## TASK STATEMENT
Leaving out every picture, quote the data below exactly as it appears.

## INPUT DATA
———

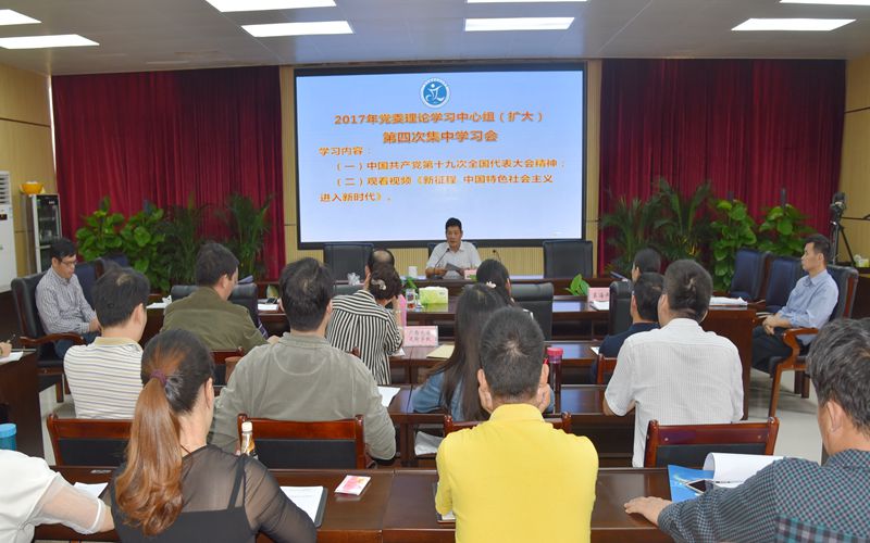 (党委工作部 讯 张丽梅、黄福秀/文) 11月3日下午,学院召开2017年党委理论学习中心组(扩大)第四次集中学习会,深入学习十九大精神。学院党委书记温宗胤,院长程轮,党委副书记、纪委书记莫海燕,副院长黄琼念、韦红教、陈海峰,全院中层领导干部以及广西交通运输学校领导班子成员参加了学习会。会议由党委书记温宗胤主持。
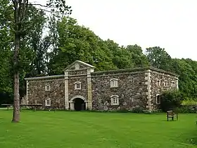 - амбар, построен в 1879 году. Двухэтажное, декоративно расчленённое здание из бутового камня. Под кровлей широкий карниз. Центральная часть выступает в виде ризалита, выложенного доломитовыми камнями. Слегка закруглённая и невысокая притолока из доломитовых блоков, оформляющая вход в здание, опирается на две небольшие колонны с тяжёлыми плитами наверху. Выполненный в классическом стиле ризалит завершается имитирующим каркас горизонтальным карнизом и треугольным фронтоном с камнем, на котором вырезана дата строительства. Закруглённые сверху окна выделены доломитовыми камнями[10];
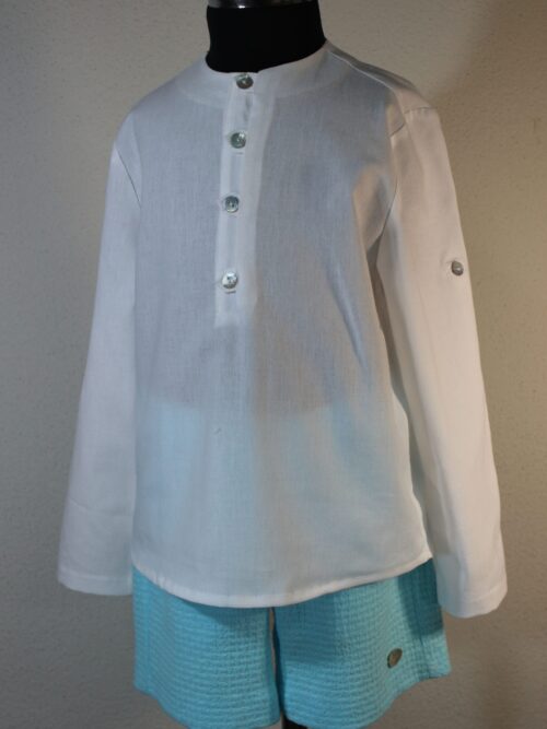 Pantalon scurt albastru deschis ce poate fi asortat cu o camasa alba pentru a avea un look perfect.

———

## THE ANSWER
 (党委工作部 讯 张丽梅、黄福秀/文) 11月3日下午,学院召开2017年党委理论学习中心组(扩大)第四次集中学习会,深入学习十九大精神。学院党委书记温宗胤,院长程轮,党委副书记、纪委书记莫海燕,副院长黄琼念、韦红教、陈海峰,全院中层领导干部以及广西交通运输学校领导班子成员参加了学习会。会议由党委书记温宗胤主持。
 - амбар, построен в 1879 году. Двухэтажное, декоративно расчленённое здание из бутового камня. Под кровлей широкий карниз. Центральная часть выступает в виде ризалита, выложенного доломитовыми камнями. Слегка закруглённая и невысокая притолока из доломитовых блоков, оформляющая вход в здание, опирается на две небольшие колонны с тяжёлыми плитами наверху. Выполненный в классическом стиле ризалит завершается имитирующим каркас горизонтальным карнизом и треугольным фронтоном с камнем, на котором вырезана дата строительства. Закруглённые сверху окна выделены доломитовыми камнями[10];
 Pantalon scurt albastru deschis ce poate fi asortat cu o camasa alba pentru a avea un look perfect.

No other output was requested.